Over our fondest wishes and most eloquent argument, the voters of Austin have voted to defeat Proposition 1, which would have overturned an Austin ordinance that regulates the ridesharing companies Uber and Lyft. These regulations are so onerous that Uber and Lyft threatened to leave Austin if Proposition 1 did not pass. Both firms have now announced that they will in fact stop doing business inside the Austin city limits starting tomorrow morning. (This is personally annoying in a very specific way, insofar as your Editor’s travel plans for the coming week, involving complex logistics with his daughter, depended on Uber. Sad!)
The opponents of Proposition 1, which included the flower and chivalry of the city’s Democratic establishment – the politicians, media, liberal activist groups, and so forth – made the election about “corporate greed,” and if you did not believe that they argued it was about safety, and finally they claimed that Uber and Lyft would not leave town anyway. Regarding the last point, the same Luddites made much of Uber and Lyft spending more than $8 million campaigning for the referendum, which to your Editor and other economic thinkers amounted to virtual proof that Uber and Lyft indeed considered the city regulations to be an existential threat to their business model. Why would two money-losing companies waste that much coin on a lark?
In fact, the fight was really over political power. The city’s politicians by and large believe that one must not disrupt local monopolies, however poorly they perform, without seeking permission. Uber and Lyft offended this sensibility by taking the point of view, after reading the existing taxi law, that they did not need permission. We know this to be true, because “senior city officials” — household names in this town — told us as much in private conversations.
All of that being the case, why did the town’s Democratic establishment come out so strongly against Uber and Lyft (and why are they trying to push out Airbnb and HomeAway)?

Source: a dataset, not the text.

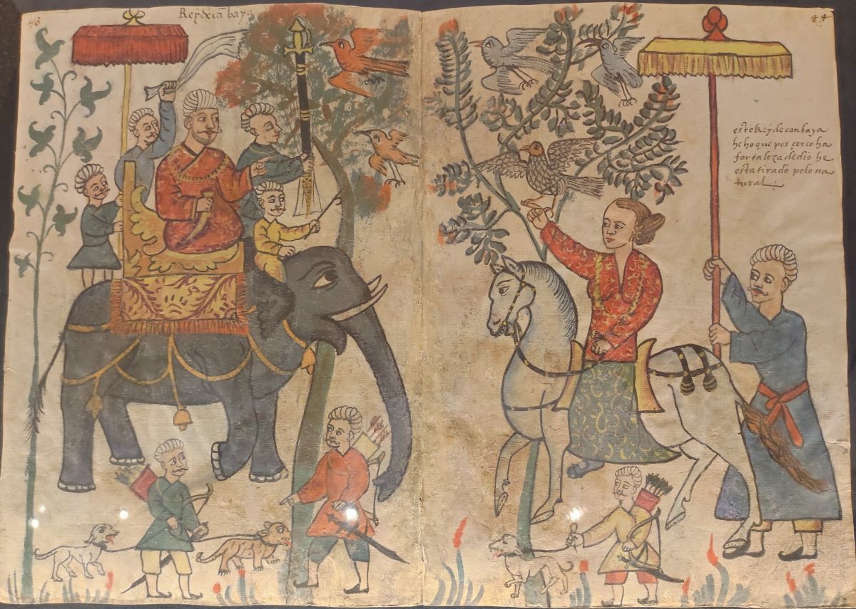 E poi c’è il protagonista indiscusso dell’esposizione: il Codex Casanatense. Solo alcune tavole in realtà, ma mi piacerebbe davvero visionarle tutte, perché sono meravigliose. Di che si tratta è presto detto: a metà del Cinquecento, intorno al 1540, un medico e botanico portoghese, Garcia de Orta, in missione in Asia e India, scrive un’opera, che intitola “Colloquios” (Colloqui) in cui racconta varie vicende di cui è stato testimone nel corso del suo viaggio. Si trova a Goa quando decide di affidare a un artista locale, indiano, che resterà anonimo per sempre, ma che ci ha lasciato delle tavole bellissime, gli episodi e le scene per lui più significative del suo racconto. 76 tavole realizza il nostro ignoto autore, in uno stile riconoscibilissimo come indiano, con colori vividi, scenari che a me hanno ricordato molto – seppur realizzati secoli dopo – gli affreschi di certi Haveli a Mandawa, in Rajasthan. Una scena che a me è piaciuta molto, e non di immediata comprensione, vede un Indiano in groppa a un elefante che affronta un uomo a cavallo in abiti e fattezze diverse: si tratta di una scena di guerra tra due popoli, non immediatamente riconoscibile come tale, quanto meno a un occhio inesperto quale il mio, ma che fa scopa con il testo dei Colloquios di Garcia de Orta, in cui si fa riferimento a una battaglia svoltasi negli anni intorno al 1540 nell’India del nord. Io, per parte mia, senza cogliere la drammaticità dell’episodio, ho colto piuttosto l’attenzione ai dettagli e all’ambiente, con quegli uccelli sugli alberi che parlano di una natura rigogliosa, altro che guerra.

Because progressives hate the “share economy.” For more than 50 years progressives have been using employers as leverage to push social change, whether in opportunity, health care, or political speech, and they do not want to lose that lever. The share economy, which turns workers into capitalists — their cars and houses become working capital in the truest sense of the term — is anathema for progressives who believe that the purpose of government is to change the way people behave. Austin’s new city council is surprisingly extreme in this view, considering that the new economy has produced the tax base that enables Austin’s municipal profligacy, but cause and effect has never been very important to politicians of any party, at any time.
The battle is not over, either in Austin or in general. We suspect that the thousands of people who will come to Austin for next year’s session of the Texas legislature will be universally irritated that they cannot use Uber to get around. We would wager more than a plug nickel that the “lege” will extend the logic of last year’s ban on local fracking ordinances to ridesharing and perhaps to other local regulation of disruptive businesses.
More generally, ridesharing is here to stay, because its underlying logic is too powerful. Uber, which reduces traffic and the demands on scarce parking, enables carpooling among strangers, reduces drunk driving, and allows the livery business to respond quickly to hour-by-hour changes in demand, is such a quantum improvement over taxis that it will win eventually. After all, if Uber and Lyft had existed first, would anybody have said “let’s establish a fleet of yellow cars, give them a local monopoly, and impose fixed fares so there are chronic shortages when people need them most”?
Not in Bernie Sanders’ wildest dreams.